DESCRIPTION OF THE TASK.
All that is needed is the line containing "Вибратор с двойной" and the lines after it to the end of the material, written out exactly, pictures left aside.
--
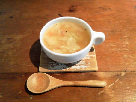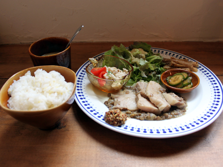 この日のランチはレンズ豆と塩豚の煮込み、たたきごぼう、
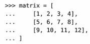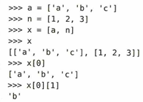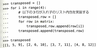 入れ子(ネスト)構造は、[リスト1,リスト2,リスト3]などです。例えばdata[i][j]とはi番目のブロックの中のリストのj番目の数という意味です。
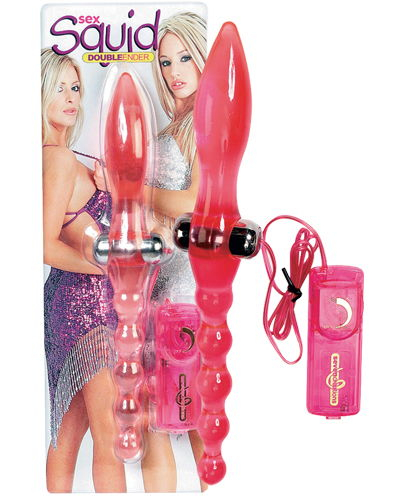Вибратор с двойной стимуляцией. С одной стороны фаллоимитатор в виде втулки, с другой анальная цепочка из пяти звеньев в виде шариков.
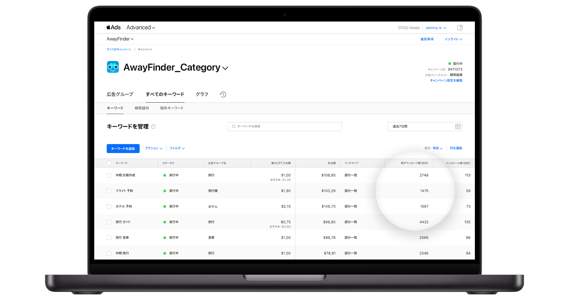 適切な価値提案で適切なユーザーのエンゲージメントを促すことで、コンバージョンの可能性が高いユーザーを再獲得することができました。他の有料チャネルを利用して再獲得したユーザーと比較して、Apple Adsを使用することで、以前アプリをダウンロードしたことのあるユーザーによる収益が平均で3倍増加しました。
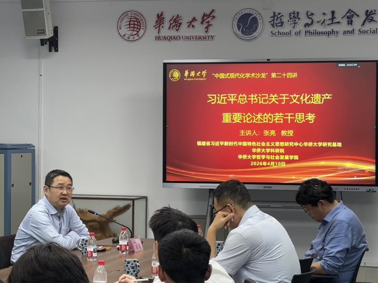 2026年4月10日晚,由福建省习近平新时代中国特色社会主义思想研究中心永利集团研究基地、永利集团科研院、77779193永利联合主办的“中国式现代化学术沙龙”第二十四讲在厦门校区教学楼F1-401会议室举行。南京大学哲学学院院长张亮教授应邀做“习近平总书记关于文化遗产保护重要论述的若干思考”的专题讲座。
--
SOLUTION.
Вибратор с двойной стимуляцией. С одной стороны фаллоимитатор в виде втулки, с другой анальная цепочка из пяти звеньев в виде шариков.
 適切な価値提案で適切なユーザーのエンゲージメントを促すことで、コンバージョンの可能性が高いユーザーを再獲得することができました。他の有料チャネルを利用して再獲得したユーザーと比較して、Apple Adsを使用することで、以前アプリをダウンロードしたことのあるユーザーによる収益が平均で3倍増加しました。
 2026年4月10日晚,由福建省习近平新时代中国特色社会主义思想研究中心永利集团研究基地、永利集团科研院、77779193永利联合主办的“中国式现代化学术沙龙”第二十四讲在厦门校区教学楼F1-401会议室举行。南京大学哲学学院院长张亮教授应邀做“习近平总书记关于文化遗产保护重要论述的若干思考”的专题讲座。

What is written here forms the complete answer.